Typical implementation scenarios: KYC/AML document processing, invoice processing, claims handling, regulatory reporting.

Implementation Architecture

Process Assessment

Not all processes suit IPA. We evaluate:

  • Volume (ROI grows with volume)
  • Document and format variability
  • Decision-making necessity vs. simple data copying
  • Quality and audit trail requirements

Automation potential matrix: high volume + high standardization = pure RPA; high volume + low standardization = WorkFusion IPA; low volume = manual processing.

ML Models Inside WorkFusion

The platform includes pre-built models for common use cases:

  • Document classification (500+ document types out-of-the-box)
  • OCR + layout analysis for field extraction
  • NER for data structuring
  • Decision models for approval/rejection

Customization: retraining on corporate data via Active Learning workflow — ML marks uncertain cases, operators verify, model retrains.

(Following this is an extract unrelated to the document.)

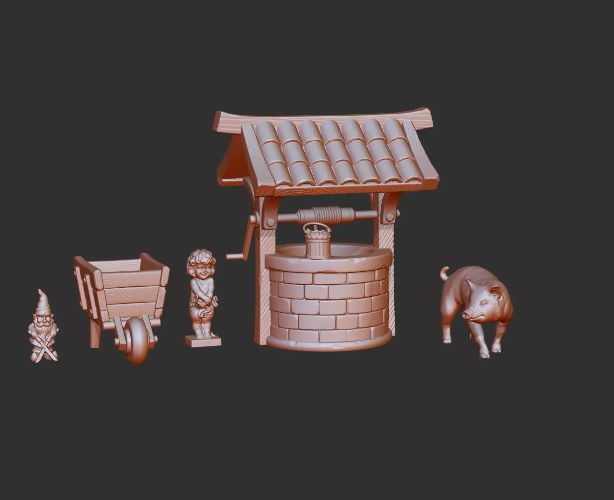 Add a touch of whimsical charm to your garden or tabletop with this delightful 3D printable set, perfect for garden decoration or board games. This detailed collection includes a Pig, an adorable, plump figure with realistic features, a rustic Water Well designed with intricate wooden textures and a classic, timeworn look, a jolly Garden Gnome with a mischievous expression, and a Wooden Wheelbarrow featuring carefully crafted details, from the handle to the wheels.

Integration with Enterprise Systems

WorkFusion connects to: SAP, Oracle, Salesforce, ServiceNow, MS Office 365, banking core systems (via API or screen scraping). REST API + pre-built connectors for most enterprise systems.

KYC/AML Automation — Flagship Use Case

WorkFusion specializes in financial compliance. Typical KYC flow:

  1. Incoming document package (passport, statements, utility bills) → OCR + extraction
  2. Document type classification
  3. Field extraction (name, date of birth, address, document numbers)
  4. Checking against sanctions lists (OFAC, EU) via API
  5. Adverse media screening via NLP analysis
  6. Risk score calculation
  7. Automatic approval if low risk / handover to analyst if high risk

Before WorkFusion: 45–60 minutes per customer, manual work. After: 3–5 minutes automatically, analyst reviews only >15% cases.

Implementation Metrics

Typical WorkFusion results in banks and insurance companies:

  • FTE Reduction (Full-Time Equivalent): -60–80% in automated processes
  • Processing time: -70–90%
  • Error rate: -85–95% (ML more consistent than operators)
  • Straight-through processing (STP) rate: 75–90% transactions without human
  • Payback period: 12–18 months

Implementation Timeline

Phase Duration
Discovery and process assessment 3–4 weeks
Pilot (1–2 processes) 6–8 weeks
ML training and tuning 4–6 weeks
Main process rollout 8–12 weeks
Hypercare and optimization 4–6 weeks

Total: 6–8 months to full production, with first results visible in 2–3 months.

WorkFusion licensing: subscription-based, depends on number of bots and users. For large banks — enterprise deal with custom terms.